- Task brief
A verbatim copy is needed of the lines below from the one containing "大胆に描かれたモンステラの葉が目を引く、アーティスティックなプレートです。" up to and including the one containing "Black calf leather", excluding pictures.

Records from a collection
▼

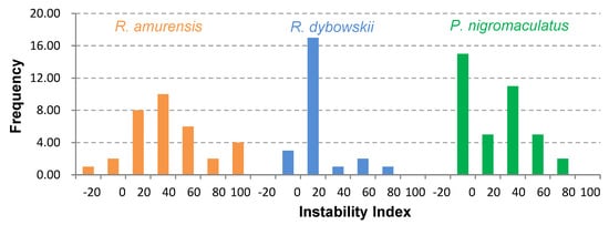 Frequency distribution of Instability index (II) values of all antimicrobial peptides (AMPs) isolated from the three anuran species.
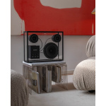 Denne høyttaleren er håndlaget av smeden Jonas Majors i hans verksted på øya Mörkö sør for Stockholm. Steel Speaker veier hele 20 kg og er designet for å synliggjøre kraften i vår store høyttalerplattform gjennom sin tilstedeværelse alene.
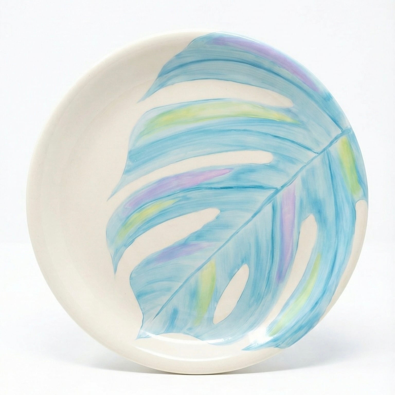 大胆に描かれたモンステラの葉が目を引く、アーティスティックなプレートです。
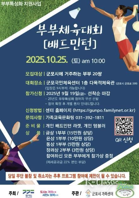 K-Classic News 기자 | 군포시가족센터는 오는 10월 25일 10시부터 군포국민체육센터 1층 다목적체육관에서 부부특성화지원사업의 일환으로 부부체육대회 배드민턴을 개최한다.
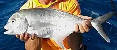 - Esta obra contiene una traducción derivada de «Caranx bucculentus» de Wikipedia en catalán, publicada por sus editores bajo la Licencia de documentación libre de GNU y la Licencia Creative Commons Atribución-CompartirIgual 4.0 Internacional.
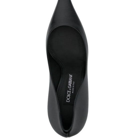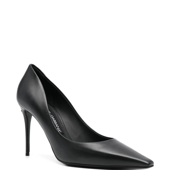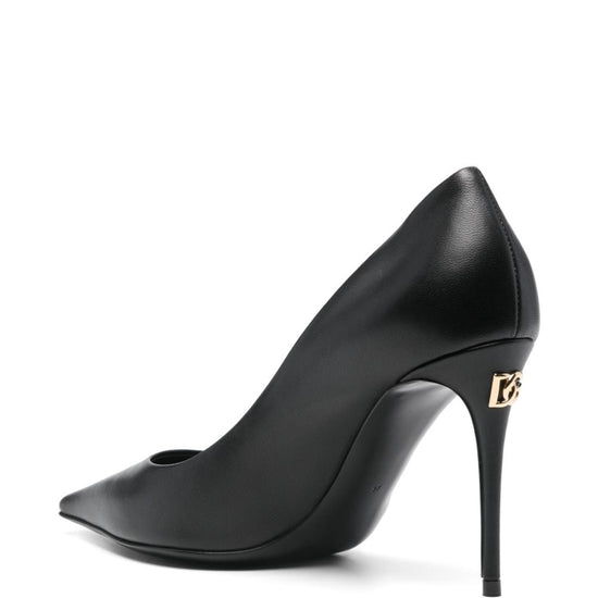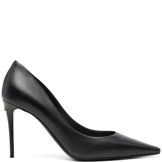 Black calf leather smooth grain 95mm high stiletto heel gold-tone logo plaque pointed toe branded leather insole leather sole leahter pumps size and fit - heel 3,5 in / 9 cm
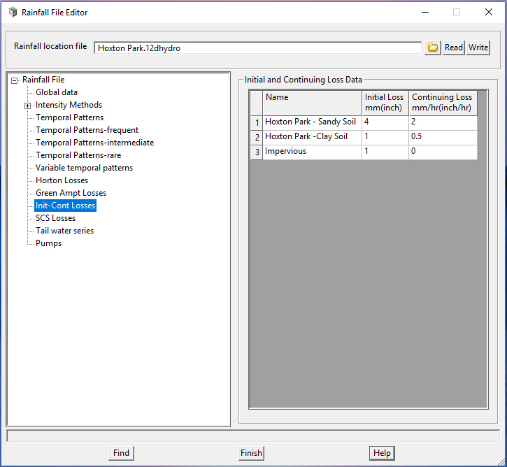 - In the Rainfall File Editor, go to the ‘Init-Cont Losses’ section, and enter the Initial and Continuing Loss for the relevant soil types in the study area.
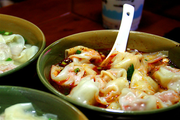 麻辣小面,重庆人对这道简单朴素的主食的热爱绝对不亚于火锅。不像其他地区吃面条时讲究的面条筋斗,汤头鲜浓,重庆小面,灵魂全都在它的佐料上。重庆人似乎特别衷于麻,老麻抄手,红红的一碗,辣的滋味倒不重,这麻是让你舌头僵直涎水直流,鼻涕眼泪噗簌噗簌得掉。
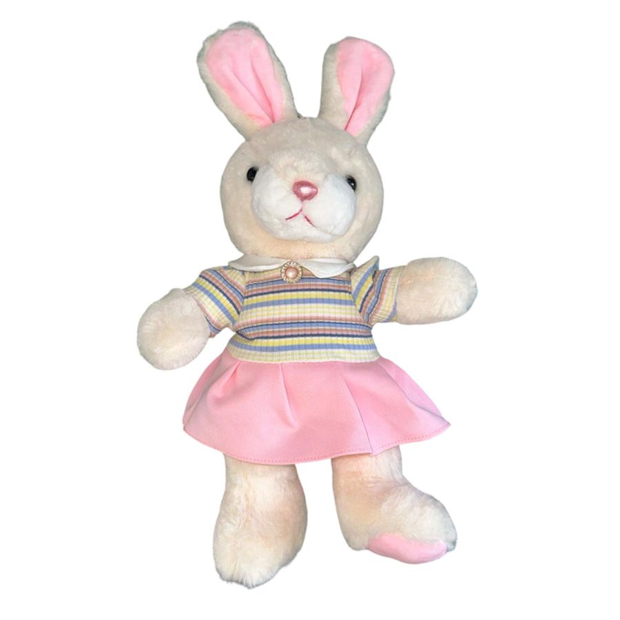 Coelha de pelucía branca com camisa colorida listrada e saia rosa
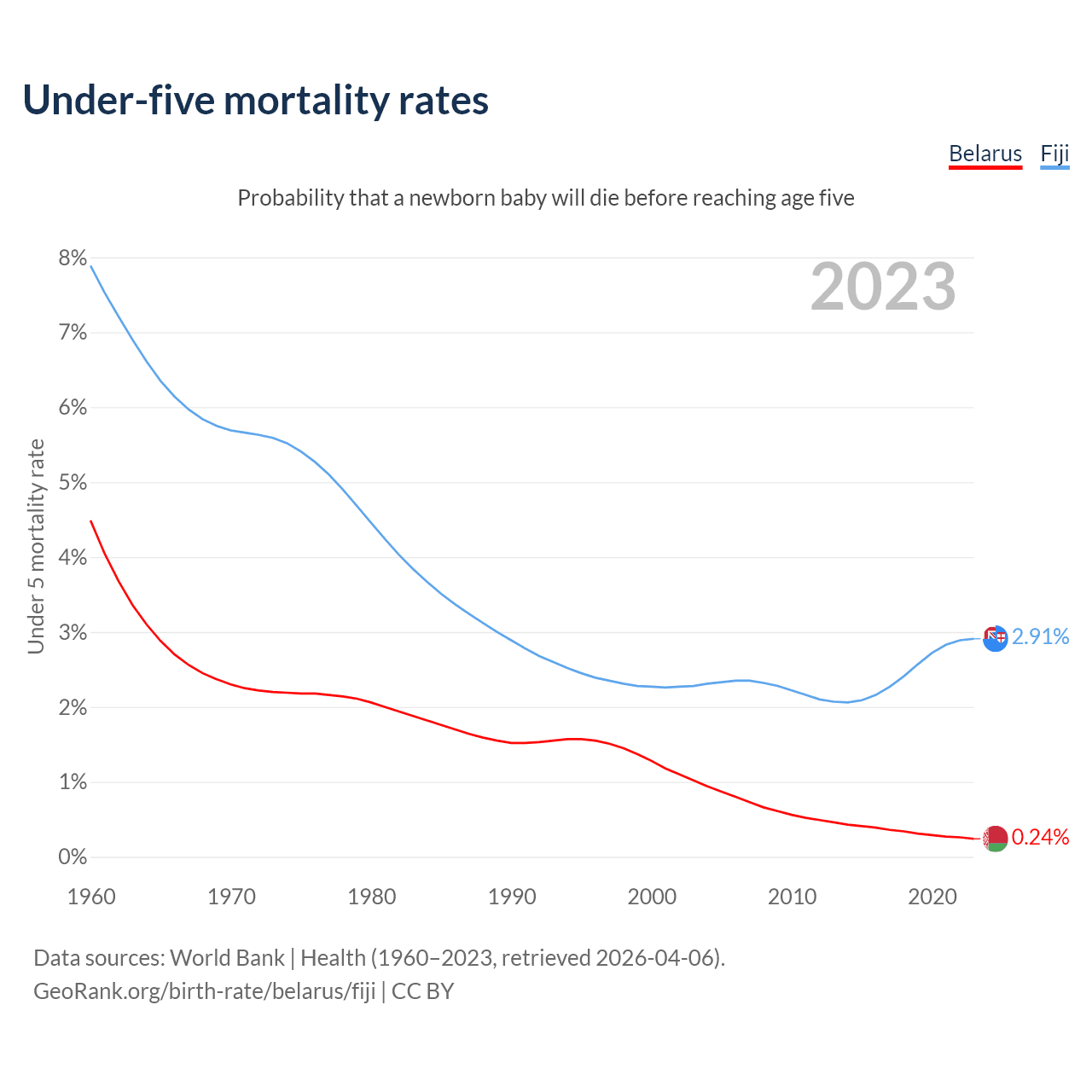 The chance that a newborn baby will die before reaching age five is 0.24% in Belarus and 2.91% in Fiji. Above is a chart with historical data on under-five mortality rates.

▲

- Solved problem
 大胆に描かれたモンステラの葉が目を引く、アーティスティックなプレートです。
 K-Classic News 기자 | 군포시가족센터는 오는 10월 25일 10시부터 군포국민체육센터 1층 다목적체육관에서 부부특성화지원사업의 일환으로 부부체육대회 배드민턴을 개최한다.
 - Esta obra contiene una traducción derivada de «Caranx bucculentus» de Wikipedia en catalán, publicada por sus editores bajo la Licencia de documentación libre de GNU y la Licencia Creative Commons Atribución-CompartirIgual 4.0 Internacional.
 Black calf leather smooth grain 95mm high stiletto heel gold-tone logo plaque pointed toe branded leather insole leather sole leahter pumps size and fit - heel 3,5 in / 9 cm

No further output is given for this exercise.